Provided information:
******
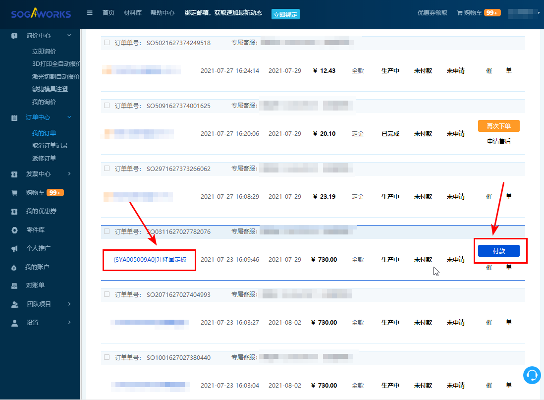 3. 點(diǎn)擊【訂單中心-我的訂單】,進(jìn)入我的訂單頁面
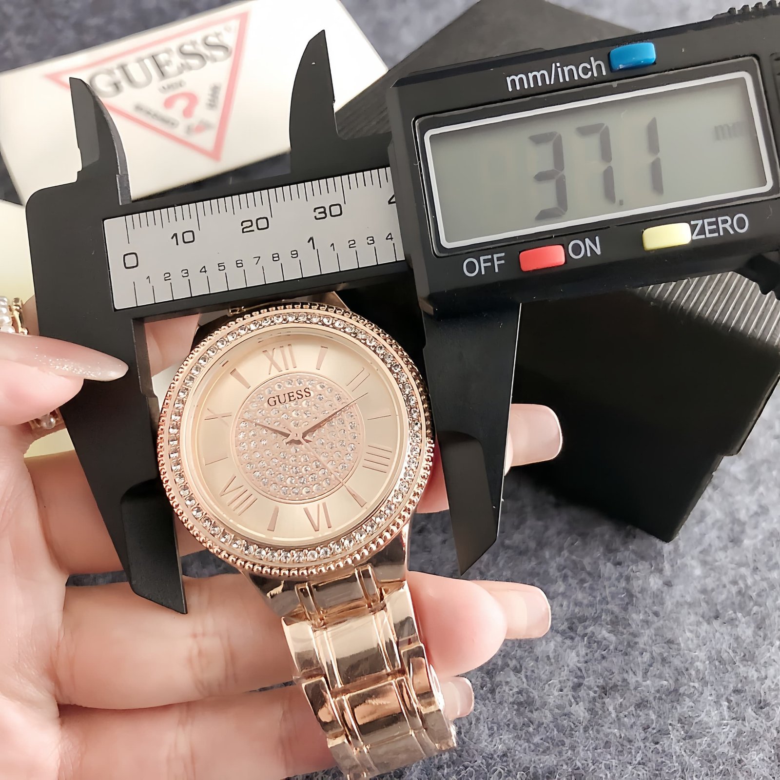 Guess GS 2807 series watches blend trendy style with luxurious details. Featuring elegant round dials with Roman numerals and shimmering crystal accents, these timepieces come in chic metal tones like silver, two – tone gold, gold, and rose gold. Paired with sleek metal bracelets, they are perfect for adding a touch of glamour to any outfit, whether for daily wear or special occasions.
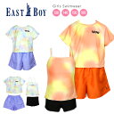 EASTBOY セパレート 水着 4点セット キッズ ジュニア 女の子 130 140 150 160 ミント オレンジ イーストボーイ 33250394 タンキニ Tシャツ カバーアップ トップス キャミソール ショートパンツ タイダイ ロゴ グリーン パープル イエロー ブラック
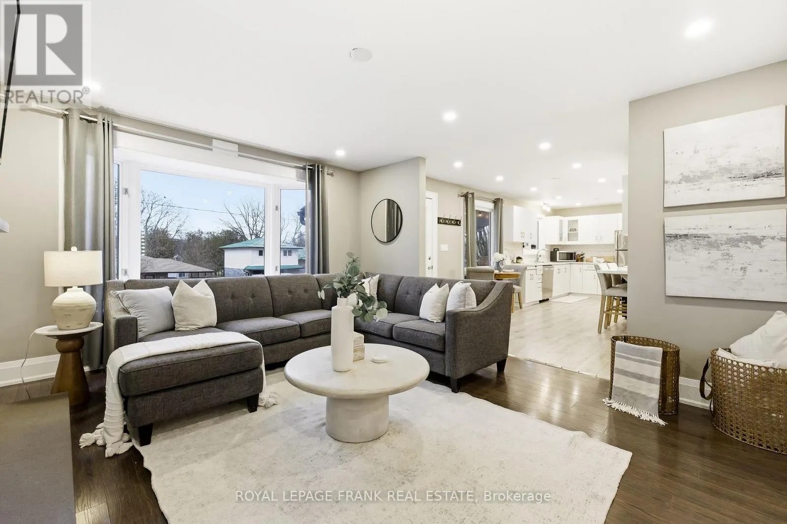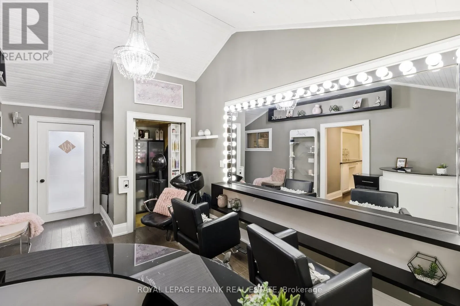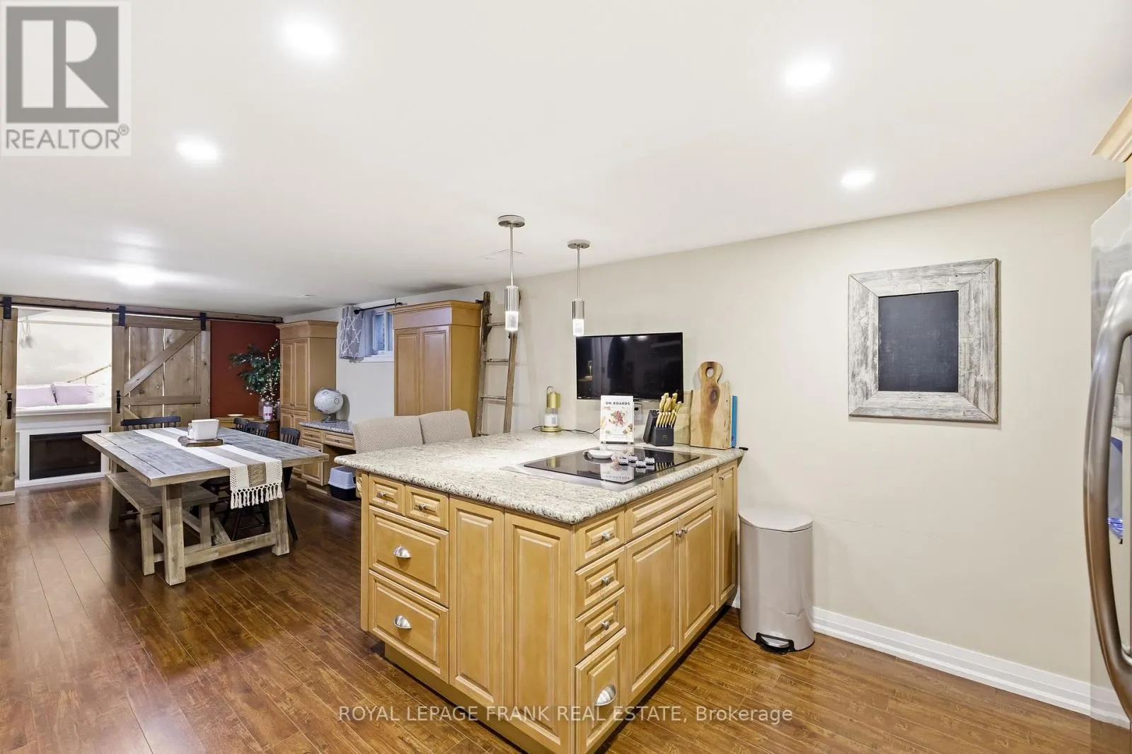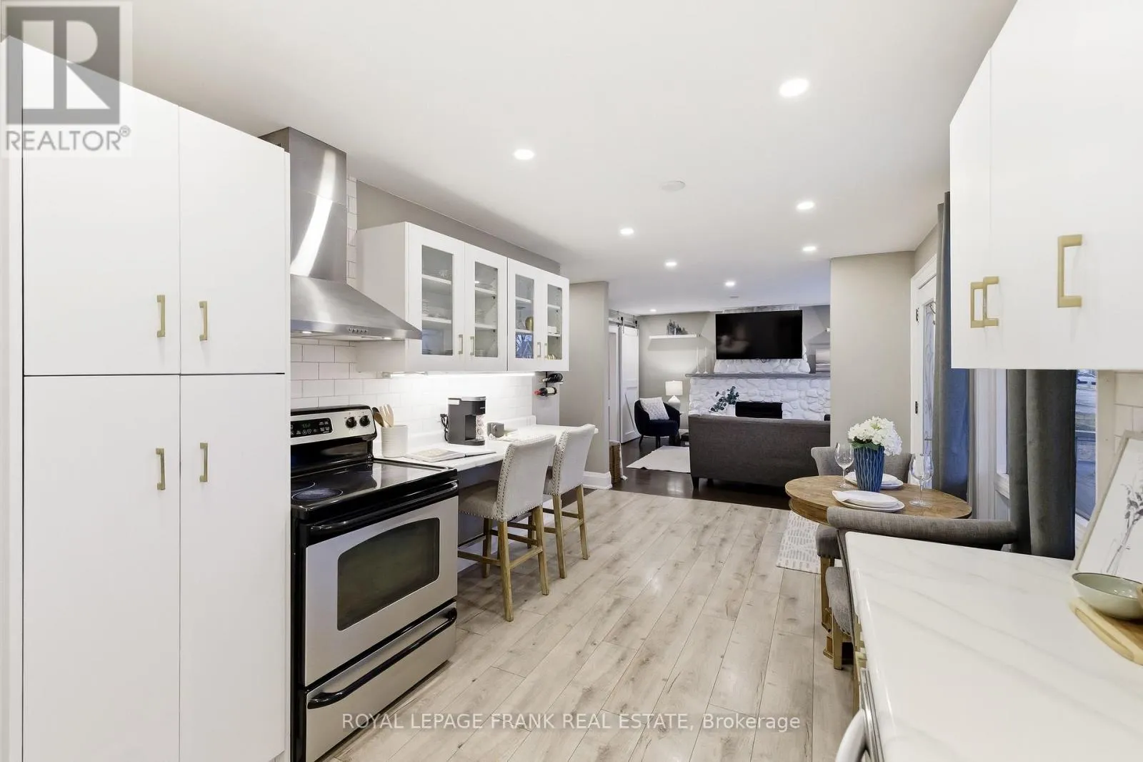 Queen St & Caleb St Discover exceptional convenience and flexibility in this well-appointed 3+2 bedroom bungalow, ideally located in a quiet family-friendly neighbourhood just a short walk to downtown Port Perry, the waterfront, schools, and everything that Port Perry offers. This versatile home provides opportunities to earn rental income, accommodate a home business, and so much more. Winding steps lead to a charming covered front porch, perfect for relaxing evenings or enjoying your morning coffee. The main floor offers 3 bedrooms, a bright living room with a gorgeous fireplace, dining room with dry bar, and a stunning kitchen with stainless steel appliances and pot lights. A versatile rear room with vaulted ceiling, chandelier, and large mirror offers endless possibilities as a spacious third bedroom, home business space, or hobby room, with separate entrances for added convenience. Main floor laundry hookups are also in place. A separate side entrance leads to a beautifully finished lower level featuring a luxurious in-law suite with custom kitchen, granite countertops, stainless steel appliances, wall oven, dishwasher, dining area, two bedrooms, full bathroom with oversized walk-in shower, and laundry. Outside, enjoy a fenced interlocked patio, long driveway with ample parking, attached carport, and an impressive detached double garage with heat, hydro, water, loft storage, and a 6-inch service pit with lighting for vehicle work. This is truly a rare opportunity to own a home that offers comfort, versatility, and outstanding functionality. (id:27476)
******
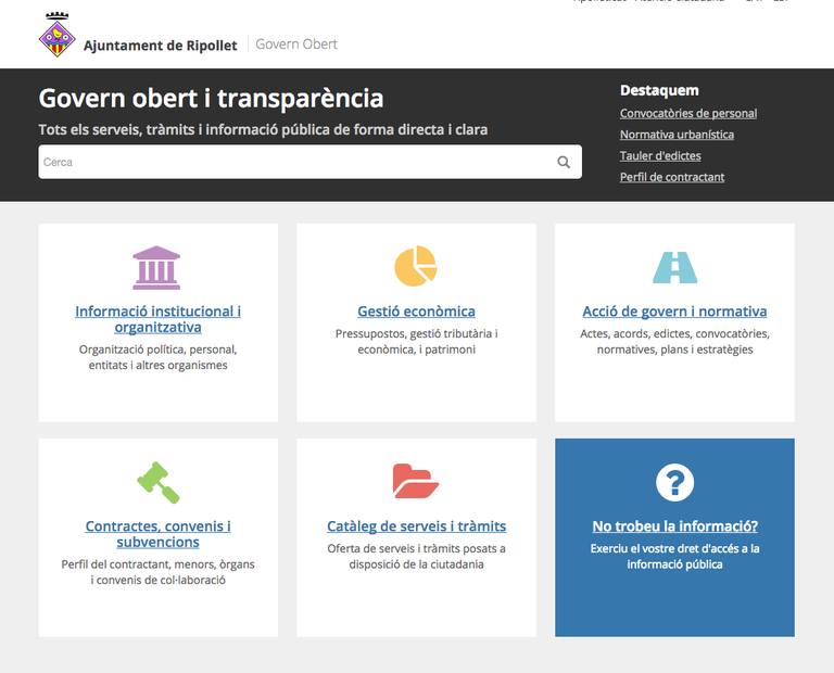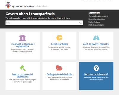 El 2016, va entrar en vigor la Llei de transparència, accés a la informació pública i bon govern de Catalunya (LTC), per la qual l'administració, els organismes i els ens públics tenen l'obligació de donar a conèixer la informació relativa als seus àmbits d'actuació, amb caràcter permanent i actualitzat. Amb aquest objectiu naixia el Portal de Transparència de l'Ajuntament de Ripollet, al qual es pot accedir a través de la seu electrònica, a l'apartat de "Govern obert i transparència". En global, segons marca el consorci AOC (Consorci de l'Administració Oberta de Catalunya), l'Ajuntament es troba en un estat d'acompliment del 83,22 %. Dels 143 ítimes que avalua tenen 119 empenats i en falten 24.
******
Task statement:
Excerpt from the records above: set down only the lines from the one that contains "3. 點(diǎn)擊【訂單中心-我的訂單】,進(jìn)入我的訂單頁面" through the one that contains "EASTBOY セパレート 水着", inclusive, word for word. Pictures stay out.

Exercise response:
 3. 點(diǎn)擊【訂單中心-我的訂單】,進(jìn)入我的訂單頁面
 Guess GS 2807 series watches blend trendy style with luxurious details. Featuring elegant round dials with Roman numerals and shimmering crystal accents, these timepieces come in chic metal tones like silver, two – tone gold, gold, and rose gold. Paired with sleek metal bracelets, they are perfect for adding a touch of glamour to any outfit, whether for daily wear or special occasions.
 EASTBOY セパレート 水着 4点セット キッズ ジュニア 女の子 130 140 150 160 ミント オレンジ イーストボーイ 33250394 タンキニ Tシャツ カバーアップ トップス キャミソール ショートパンツ タイダイ ロゴ グリーン パープル イエロー ブラック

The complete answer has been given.